Ellos sustituyeron trapos, jabón y fregonas por agua bendita, crucifijos y el poder de la mente. Son los principales útiles para realizar la limpieza de una casa. No se trata de acabar con el polvo, sino de dejar marchar a los fantasmas para siempre


Un hámster ruso recién nacido, cuatro onzas de chocolate, trece bolsas de té rojo o todo el chapapote con el que se maquilla la nueva política de la Coordinadora Reusença Independent, Carmen de Mairena, antes de salir a predicar. Todos podrían pesar 21 gramos. Sin embargo, la medida quedó estandarizada a principios de siglo para definir un peso mucho menos terrenal: el del alma. Cuando una persona muere, el cuerpo sin vida sufre instantáneamente una pérdida de volumen. Son los 21 gramos del alma, que abandona la masa inerte para marcharse a otra dimensión. Es el peso del último suspiro.

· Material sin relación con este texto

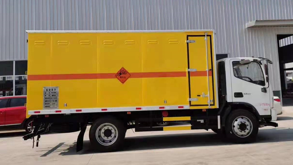該車適用于運輸危險品,隨底盤選裝駕駛室,選裝右側(cè)不開門;危險貨物運輸車輛的類型(EX/Ⅲ),廂體頂部封閉,不可開啟,運送爆炸品的品名:黑火藥,壓縮黑火藥,電(非電)引爆雷管,爆破炸藥,導(dǎo)爆索,點燃導(dǎo)火索;運送爆炸品的項號:1.1D,1.1D,1.1B,1.1D;安全裝置為導(dǎo)靜電帶,用于防止靜電;僅采用底盤子午線輪胎和帶ABS的底盤,該車前輪安裝盤式制動器,前置排氣管,裝配限速裝置,限速80km/h;安裝帶有衛(wèi)星定位功能的行駛記錄儀;側(cè)防護(hù)和后防護(hù)裝置材料材質(zhì)為Q23**碳鋼,側(cè)防護(hù)與箱體底板和副梁焊接連接,后防護(hù)裝置與車架采用焊接連接。后防護(hù)截面尺寸(mm):120×50,離地高度為500mm。整車長度/軸距/后懸對應(yīng)關(guān)系為(mm):7030/3800/2**。僅采用發(fā)動機F3.8NS6B156對應(yīng)的油耗值(L/**km)為:20.81。ABS系統(tǒng)**器型號/生產(chǎn)企業(yè):ABS-E/威伯科汽車**系統(tǒng)(**)有限公司,ABS-VI·E/廣州瑞立科密汽車電子股份有限公司。轉(zhuǎn)向輪裝備輪胎爆胎應(yīng)急防護(hù)裝置。隨底盤選裝駕駛室。 |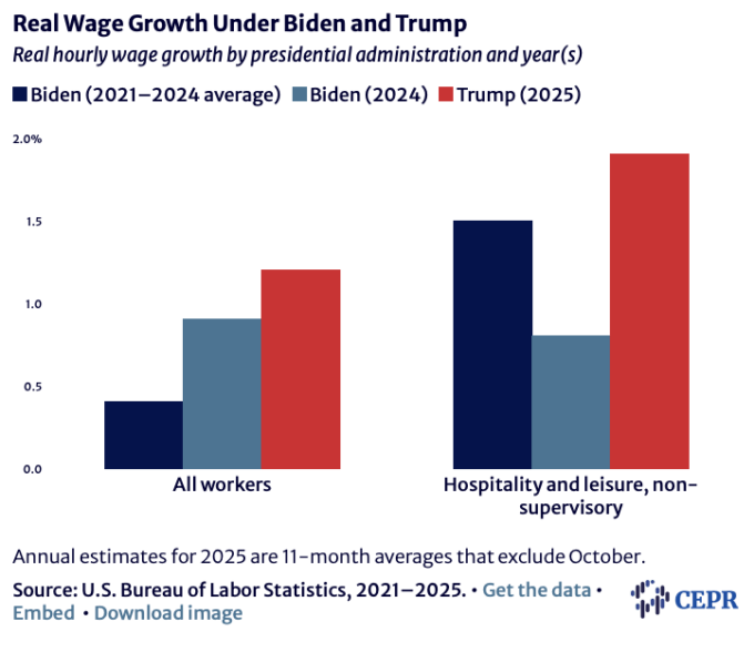 In 2025, the real wage for all workers grew 1.2 percent. For production and non-supervisory workers in the leisure and hospitality sector it grew 1.9 percent. The faster rate of growth for workers in this low-paid sector is somewhat surprising since it goes along with many indications of labor market weakness, like falling quit rates and a sharp rise in unemployment for young and Black workers.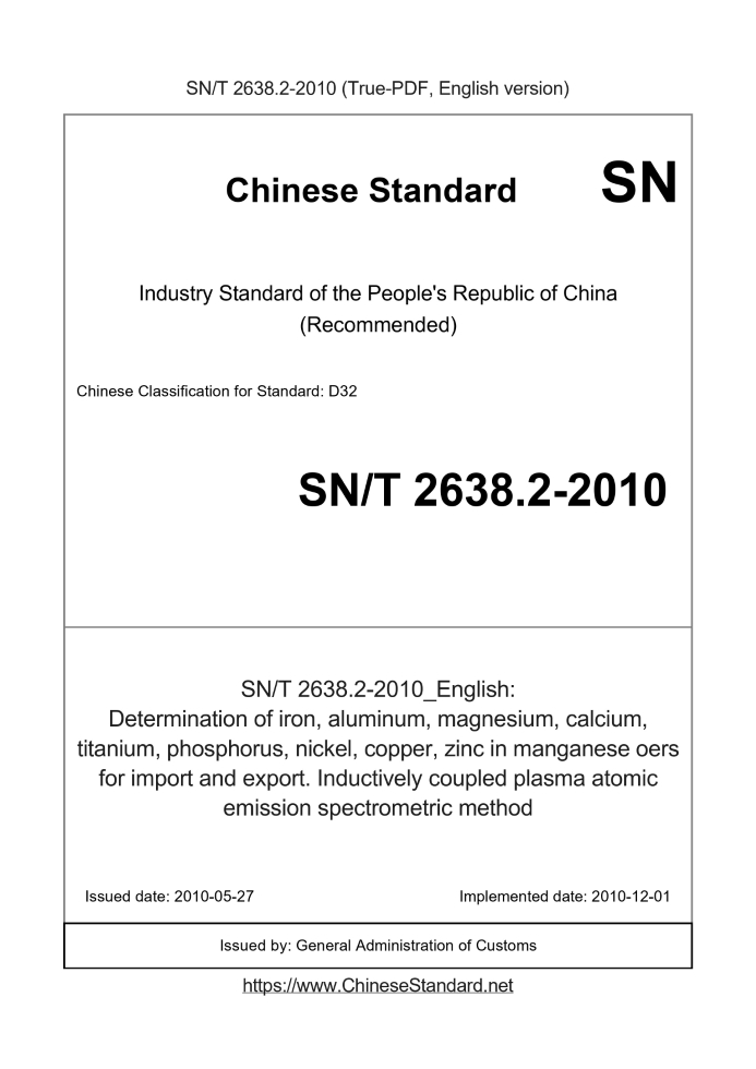 Delivery: <= 3 days. True-PDF full-copy in English will be manually translated and delivered via email. SN/T 2638.2-2010: Determination of iron, aluminum, magnesium, calcium, titanium, phosphorus, nickel, copper, zinc in manganese oers for import and export. Inductively coupled plasma atomic emission spectrometric method Status: Valid

            Claro Joaquín Pérez Lázaro tiene 54 años y es conductor de ambulancias en Tudela. Nunca ha estudiado Medicina, ni ha sido médico residente en un hospital. Sin embargo, él es Doctor. Ni urólogo, ni ginecólogo ni oncólogo: Doctor en almas. Junto a él, su fiel escudero, el compañero elemental, su Watson particular: Onésimo Pacho Hernández. A sus 64 años, Onésimo es a Claro lo que Sancho Panza fue a Don Quijote. Él es quien se encarga de acompañar al Doctor y de advertirle cuando alguien intenta colarles molinos por fantasmas. Ninguno de los dos lleva buzos ni van armados. Sin embargo, ambos responderían a la pegadiza canción que popularizó Ivan Reitman en su comedia fantástica “Ghostbusters”. Son tudelanos, amantes de la parapsicología y cazafantasmas.

            La capacidad sensitiva de Claro se despertó cuando éste todavía era un niño. Fue en septiembre y el futuro psíquico no contaba con más de siete años. Acababa de cenar junto a sus padres y, como todas las noches, decidió salir a jugar con sus amigos a la calle hasta que venciera el toque de queda impuesto por su madre. Sin embargo, esta vez no se unió al grupo. En su lugar, Claro decidió ir a jugar solo en la obra de construcción de una vaquería situada enfrente de su casa. Atraído por las alturas, el niño escaló hasta el último andamio cercano al tejado. Agotado por el esfuerzo, se recostó sobre la estructura metálica y cayó rendido. Entonces comenzó su sueño. “Yo estaba durmiendo y vi cómo me levantaba sobre el andamio. Una voz me decía que no me moviera, que me iba a caer. Yo, lejos de sentir miedo, me mostraba valiente, incluso le increpaba. Me desperté en el suelo, rodeado de tierra. No estaba aturdido, ni tampoco sentía dolor. Sólo una sensación de paz”, explica. Tras la confusión inicial, Claro se levantó y volvió a casa. Relató a sus padres que se había caído y ellos se encargaron de trasladarle al hospital, pero nunca contó lo que realmente había sucedido. “No puedo explicar ciertamente lo que pasó. Sólo sé que me dormí allí arriba y me desperté en el suelo. Si me hubiera caído, no estaría vivo ahora. Alguien me sujetó en el aire”. Desde ese momento, Claro sintió que era “el elegido” y decidió utilizar su poder telepático para ayudar a otra gente. Eso sí, siempre de manera altruista. Sin güijas, sin péndulos. Sólo con el poder de la mente y una cámara de fotos.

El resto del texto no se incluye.